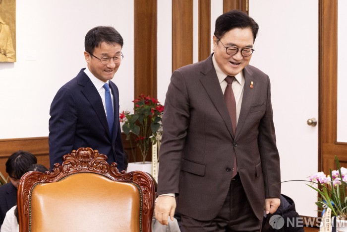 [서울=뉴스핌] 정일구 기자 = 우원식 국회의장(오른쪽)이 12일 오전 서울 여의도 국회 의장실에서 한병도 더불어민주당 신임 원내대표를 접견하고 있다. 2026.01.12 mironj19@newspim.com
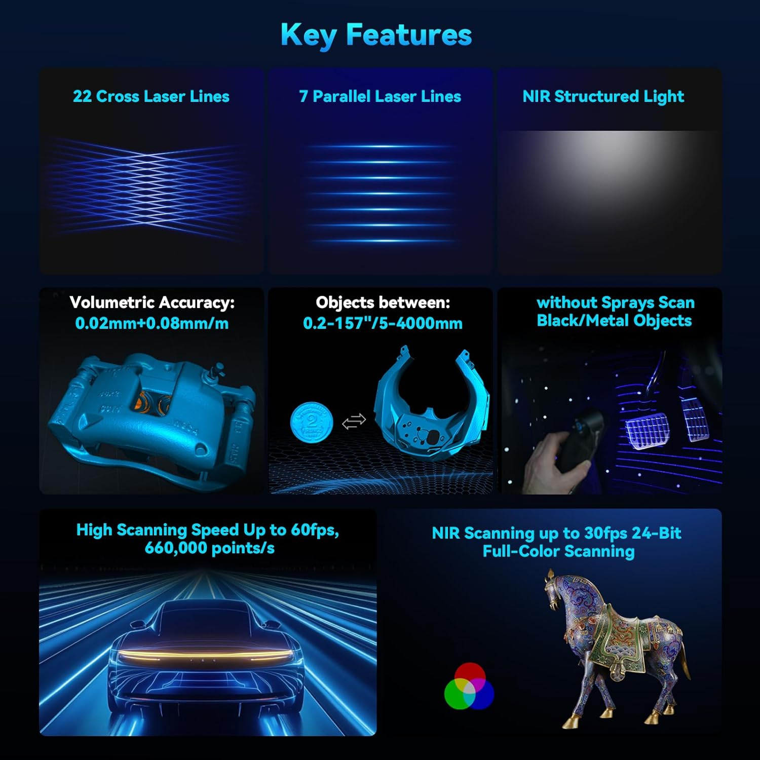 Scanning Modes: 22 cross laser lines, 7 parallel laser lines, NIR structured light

---

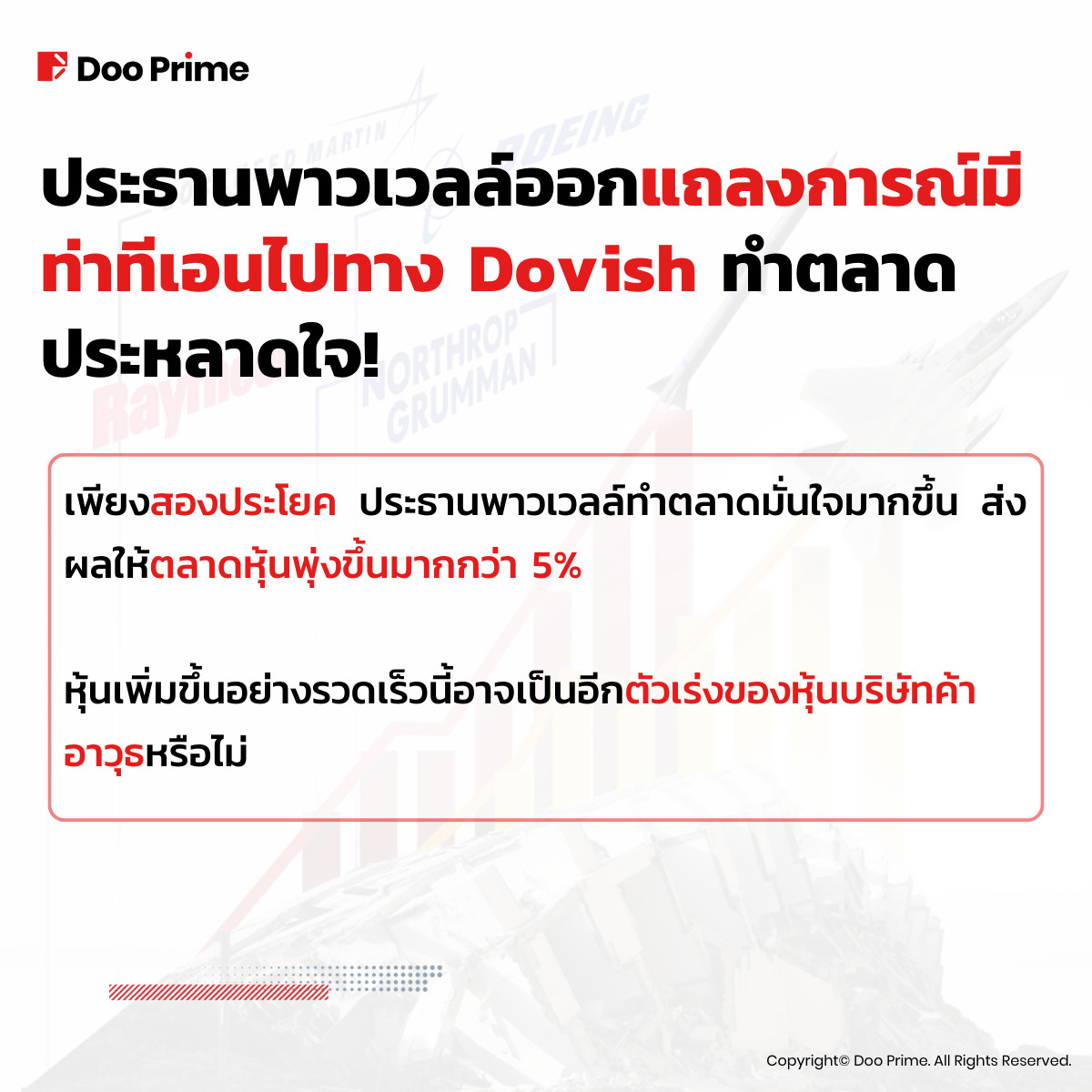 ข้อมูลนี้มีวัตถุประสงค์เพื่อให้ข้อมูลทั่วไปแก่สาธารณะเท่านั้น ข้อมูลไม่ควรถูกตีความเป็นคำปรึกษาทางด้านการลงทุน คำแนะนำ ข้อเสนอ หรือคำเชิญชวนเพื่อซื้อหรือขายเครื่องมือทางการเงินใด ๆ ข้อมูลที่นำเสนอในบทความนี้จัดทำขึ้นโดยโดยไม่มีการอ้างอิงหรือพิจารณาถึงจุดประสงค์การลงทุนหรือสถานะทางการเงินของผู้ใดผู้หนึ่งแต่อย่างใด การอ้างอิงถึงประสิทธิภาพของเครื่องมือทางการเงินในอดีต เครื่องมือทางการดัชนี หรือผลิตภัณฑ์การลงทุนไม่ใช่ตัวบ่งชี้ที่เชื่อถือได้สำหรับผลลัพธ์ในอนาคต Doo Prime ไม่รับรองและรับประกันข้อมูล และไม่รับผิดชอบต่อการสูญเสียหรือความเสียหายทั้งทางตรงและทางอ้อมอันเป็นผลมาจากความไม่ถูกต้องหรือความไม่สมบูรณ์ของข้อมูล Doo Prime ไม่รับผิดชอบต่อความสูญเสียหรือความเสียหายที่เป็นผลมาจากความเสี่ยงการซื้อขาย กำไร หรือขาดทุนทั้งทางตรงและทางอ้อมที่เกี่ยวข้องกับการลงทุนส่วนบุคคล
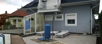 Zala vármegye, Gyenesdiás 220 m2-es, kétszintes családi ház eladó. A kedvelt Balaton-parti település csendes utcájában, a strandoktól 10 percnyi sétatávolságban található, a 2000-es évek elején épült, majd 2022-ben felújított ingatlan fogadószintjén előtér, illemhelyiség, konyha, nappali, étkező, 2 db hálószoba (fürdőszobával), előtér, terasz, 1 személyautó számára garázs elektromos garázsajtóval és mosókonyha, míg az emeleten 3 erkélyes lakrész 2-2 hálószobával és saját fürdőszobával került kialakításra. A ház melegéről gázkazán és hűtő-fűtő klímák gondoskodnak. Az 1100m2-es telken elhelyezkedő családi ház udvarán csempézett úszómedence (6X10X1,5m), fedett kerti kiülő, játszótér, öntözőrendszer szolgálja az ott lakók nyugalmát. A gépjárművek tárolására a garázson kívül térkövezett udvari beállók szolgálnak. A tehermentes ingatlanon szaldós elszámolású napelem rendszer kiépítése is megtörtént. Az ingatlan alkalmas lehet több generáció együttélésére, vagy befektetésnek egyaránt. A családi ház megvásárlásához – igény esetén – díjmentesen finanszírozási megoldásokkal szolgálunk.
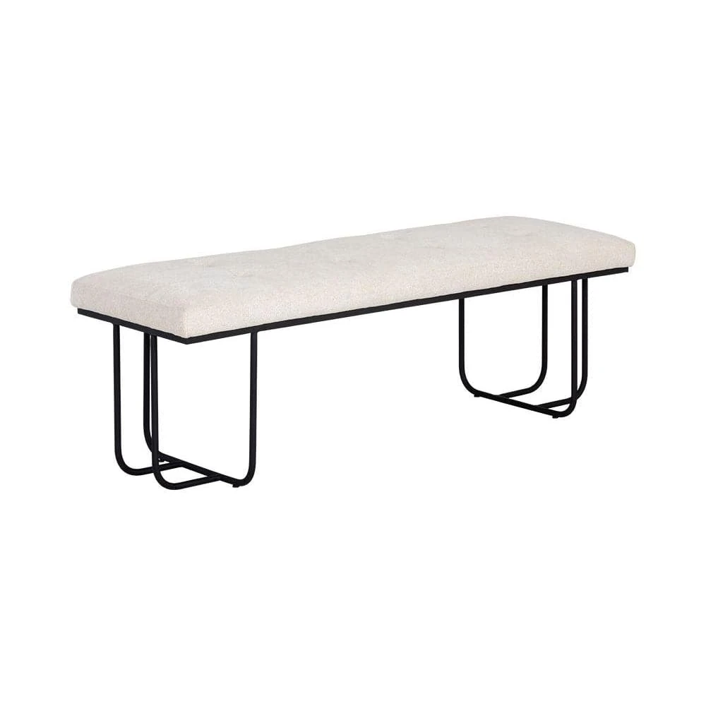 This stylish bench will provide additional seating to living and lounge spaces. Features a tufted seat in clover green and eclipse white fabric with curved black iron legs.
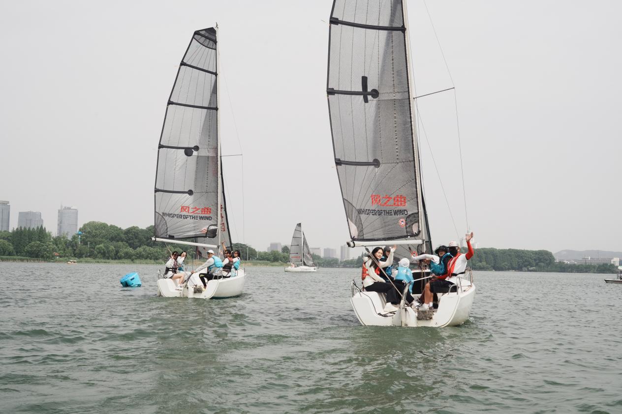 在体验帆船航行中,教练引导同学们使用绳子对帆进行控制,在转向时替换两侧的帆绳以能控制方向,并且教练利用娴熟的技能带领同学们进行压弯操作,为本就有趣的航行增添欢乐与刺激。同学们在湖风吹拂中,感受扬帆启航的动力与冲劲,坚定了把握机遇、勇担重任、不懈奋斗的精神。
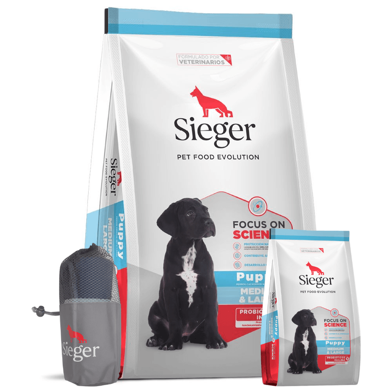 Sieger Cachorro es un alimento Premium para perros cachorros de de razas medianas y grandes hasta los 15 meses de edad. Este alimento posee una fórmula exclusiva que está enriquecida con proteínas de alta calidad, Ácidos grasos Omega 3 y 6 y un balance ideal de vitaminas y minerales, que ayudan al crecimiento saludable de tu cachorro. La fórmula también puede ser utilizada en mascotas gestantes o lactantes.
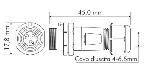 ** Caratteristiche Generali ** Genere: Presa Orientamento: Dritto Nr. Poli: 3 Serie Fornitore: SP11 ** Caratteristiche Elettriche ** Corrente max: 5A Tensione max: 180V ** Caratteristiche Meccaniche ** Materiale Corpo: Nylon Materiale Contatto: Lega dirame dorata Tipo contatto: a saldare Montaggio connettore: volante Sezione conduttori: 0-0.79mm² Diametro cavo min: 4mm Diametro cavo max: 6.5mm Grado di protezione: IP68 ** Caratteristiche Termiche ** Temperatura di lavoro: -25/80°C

§ ACTION ITEM
Copy word for word the span of the records above that begins at the line with "Zala vármegye, Gyenesdiás" and ends at the line with "在体验帆船航行中,教练引导同", including those two lines but not the pictures.

§ WRITTEN ANSWER
 Zala vármegye, Gyenesdiás 220 m2-es, kétszintes családi ház eladó. A kedvelt Balaton-parti település csendes utcájában, a strandoktól 10 percnyi sétatávolságban található, a 2000-es évek elején épült, majd 2022-ben felújított ingatlan fogadószintjén előtér, illemhelyiség, konyha, nappali, étkező, 2 db hálószoba (fürdőszobával), előtér, terasz, 1 személyautó számára garázs elektromos garázsajtóval és mosókonyha, míg az emeleten 3 erkélyes lakrész 2-2 hálószobával és saját fürdőszobával került kialakításra. A ház melegéről gázkazán és hűtő-fűtő klímák gondoskodnak. Az 1100m2-es telken elhelyezkedő családi ház udvarán csempézett úszómedence (6X10X1,5m), fedett kerti kiülő, játszótér, öntözőrendszer szolgálja az ott lakók nyugalmát. A gépjárművek tárolására a garázson kívül térkövezett udvari beállók szolgálnak. A tehermentes ingatlanon szaldós elszámolású napelem rendszer kiépítése is megtörtént. Az ingatlan alkalmas lehet több generáció együttélésére, vagy befektetésnek egyaránt. A családi ház megvásárlásához – igény esetén – díjmentesen finanszírozási megoldásokkal szolgálunk.
 This stylish bench will provide additional seating to living and lounge spaces. Features a tufted seat in clover green and eclipse white fabric with curved black iron legs.
 在体验帆船航行中,教练引导同学们使用绳子对帆进行控制,在转向时替换两侧的帆绳以能控制方向,并且教练利用娴熟的技能带领同学们进行压弯操作,为本就有趣的航行增添欢乐与刺激。同学们在湖风吹拂中,感受扬帆启航的动力与冲劲,坚定了把握机遇、勇担重任、不懈奋斗的精神。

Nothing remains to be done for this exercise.